L’article R.323-1 du Code de la sécurité sociale dispose : «Pour l’application du premier alinéa de l’article L. 323-1 :
1°) le point de départ de l’indemnité journalière définie par de l’article L. 321-1 est le quatrième jour de l’incapacité de travail. Ce délai ne s’applique, pour une période de trois ans, qu’au premier des arrêts de travail dus à une même affection donnant lieu à application de la procédure prévue à l’article L. 324-1 ;
2°) la durée maximale de la période pendant laquelle l’indemnité journalière peut être servie est fixée à trois ans ;
3°) la durée de la reprise du travail, mentionnée au 1° de l’article L. 323-1, au-delà de laquelle le délai de trois ans court à nouveau, est fixée à un an ;
4°) le nombre maximal d’indemnités journalières mentionné au 2° de l’article L. 323-1, que peut recevoir l’assuré pour une période quelconque de trois ans, est fixé à 360. »
Préalablement à cette contrainte, le 15 juin 2024, la [5] a notifié à Monsieur [U] une mise en demeure du 10 juin 2024.
Monsieur [U] doit donc démontrer, soit que la somme versée par la [5] au titre des indemnités journalières lui était due, soit qu’il a déjà réglé l’indu en justifiant de ses versements.
La [5] produit des décomptes de paiement des indemnités journalières maladie pour un montant de 233,36 € du 8 au 17 février 2022 (avec 3 jours de carence) et de 33,33 € le 18 février 2022, soit un montant global de 266,69 €.

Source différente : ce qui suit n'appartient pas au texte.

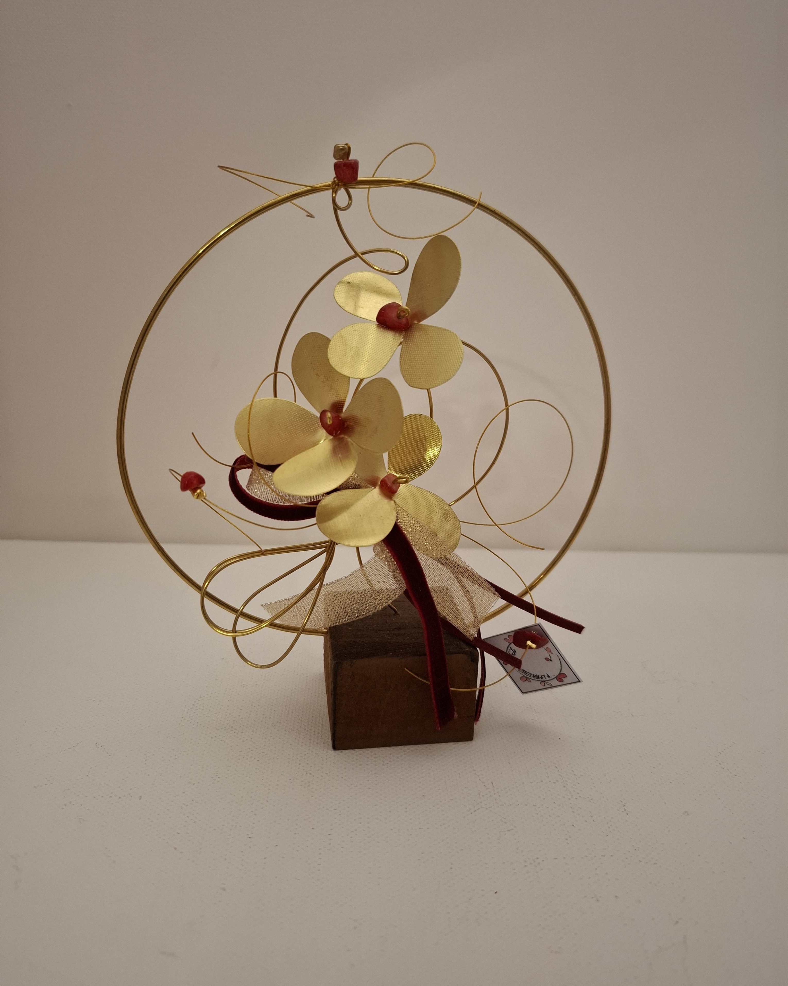 Χειροποίητο διακοσμητικό στεφάνι από μπρούτζινα λουλούδια τοποθετημένο σε ξύλινη βάση και σε διάσταση 15χ15εκ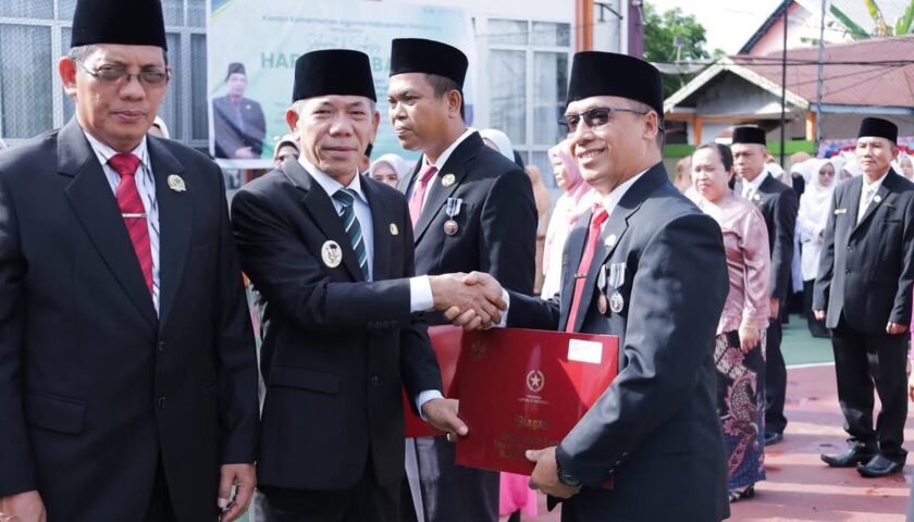KETAPANG, MENITNEWS.id – Wakil Bupati Ketapang, Jamhuri Amir, memimpin upacara Hari Amal Bakti (HAB) Kemenag ke-80, di halaman Kemenag Ketapang, Sabtu (3/1). Pada kesempatan itu, Jamhuri membacakan sambutan tertulis Menteri Agama RI, Nasaruddin Umar.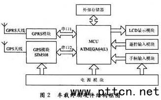 2車載終端的功能 車載GPS/GPRS終端的衛(wèi)星接收模塊采集到GPS衛(wèi)星數(shù)據(jù),經(jīng)過(guò)數(shù)據(jù)處理得到車輛的地理坐標(biāo)信息。該信息通過(guò)車載終端處理之后,由GPRS無(wú)線通信模塊發(fā)送到GPRS無(wú)線通信網(wǎng)上。GPRS網(wǎng)絡(luò)根據(jù)相應(yīng)的協(xié)議在車載終端和接人Internet網(wǎng)的監(jiān)控中心之間建立一條支持TCP/lP的數(shù)據(jù)通道。車載GPS/GPRS終端依靠該數(shù)據(jù)通道和監(jiān)控中心之間進(jìn)行信息的交互。監(jiān)控中心還可以通過(guò)該通道向下發(fā)送控制命令和服務(wù)信息。另外,除了車輛定位,系統(tǒng)還可以提供諸如防盜防搶、對(duì)移動(dòng)車輛進(jìn)行斷油斷電、顯示調(diào)度信息、醫(yī)療求助、移動(dòng)電話等多種服務(wù)。 3車載終端硬件設(shè)計(jì) 車載終端硬件系統(tǒng)以單片機(jī)和GPS+GPRS模塊為核心,屬于經(jīng)濟(jì)型功能終端,其結(jié)構(gòu)如圖2所示。

Monsieur [U] produit son bulletin de paie du mois de février 2022 d’un montant de 1.266,42 € et soutient qu’il n’a pas fait l’objet d’un maintien de salaire de la part de son employeur. Il déclare qu’il lui manque environ 400 euros en comparaison avec ses salaires habituels.
La [5] produit les déclarations de salaires de Monsieur [U] qui déclare avoir touché 1.428 € en janvier 2022, 1.450 € en mars 2022 et 1.454 € en avril 2022. Elle précise qu’en matière d’arrêt [4], le salaire est maintenu quelle que soit l’ancienneté du salarié concerné. Monsieur [U] a donc pu bénéficier d’un maintien de salaire pour son arrêt [4] du 11 au 18 février 2022 malgré son ancienneté inférieure à un an au moment de son arrêt (il avait été embauché en septembre 2021).

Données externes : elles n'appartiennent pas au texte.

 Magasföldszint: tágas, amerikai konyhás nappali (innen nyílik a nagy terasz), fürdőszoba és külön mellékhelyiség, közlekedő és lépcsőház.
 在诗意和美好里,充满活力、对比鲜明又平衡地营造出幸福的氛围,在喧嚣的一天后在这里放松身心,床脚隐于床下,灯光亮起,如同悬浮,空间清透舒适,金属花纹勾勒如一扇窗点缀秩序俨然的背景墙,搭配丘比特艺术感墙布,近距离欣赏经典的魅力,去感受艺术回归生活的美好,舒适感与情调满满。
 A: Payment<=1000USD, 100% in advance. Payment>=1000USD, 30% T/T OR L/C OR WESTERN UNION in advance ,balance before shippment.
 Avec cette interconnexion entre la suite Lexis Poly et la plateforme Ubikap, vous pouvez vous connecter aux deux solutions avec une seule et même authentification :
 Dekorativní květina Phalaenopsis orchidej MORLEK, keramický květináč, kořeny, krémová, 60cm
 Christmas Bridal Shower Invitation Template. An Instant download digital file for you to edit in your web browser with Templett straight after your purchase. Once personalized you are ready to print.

Au vu de ces éléments, Monsieur [U] ne démontre pas que son employeur ne lui a pas maintenu son salaire sur le mois de février 2022, de sorte qu’il y a lieu de considérer que les indemnités journalières versées par la [5] ne lui étaient pas dues.
En conséquence, il convient de valider la contrainte du 26 août 2024 pour son montant de 266,69 € et de condamner Monsieur [U] au paiement de cette somme.
Monsieur [U] qui succombe sera condamné aux dépens de l’instance.
PAR CES MOTIFS :
Le Tribunal statuant publiquement par jugement contradictoire, et en dernier ressort,
DÉCLARE recevable mais non fondée l’opposition de Monsieur [R] [U] à la contrainte du 26 août 2024 ;
VALIDE la contrainte émise le 26 août 2024 par la [6] à l’encontre de Monsieur [R] [U] pour un montant 266,69 € se rapportant aux indemnités journalières pour arrêt maladie perçues à tort du 11 au 18 février 2022 ;
CONDAMNE Monsieur [R] [U] à payer à la [6] une somme de 266,69 € sans préjudice des frais de procédure qui se rattachent à la contrainte et des majorations de retard supplémentaires qui continuent de courir jusqu’à complet paiement du principal ;
DÉBOUTE les parties du surplus de leurs prétentions ;
CONDAMNE Monsieur [R] [U] aux entiers dépens.
ET DIT que conformément aux dispositions des articles 605 et 612 du code de procédure civile, la présente décision peut être attaquée devant la COUR de CASSATION par ministère d’un avocat au Conseil d’Etat et à la Cour de Cassation, dans le délai de DEUX MOIS à compter du jour de notification de la présente décision.
Ainsi fait et jugé au Tribunal judiciaire de TOURS, le 28 Juillet 2025.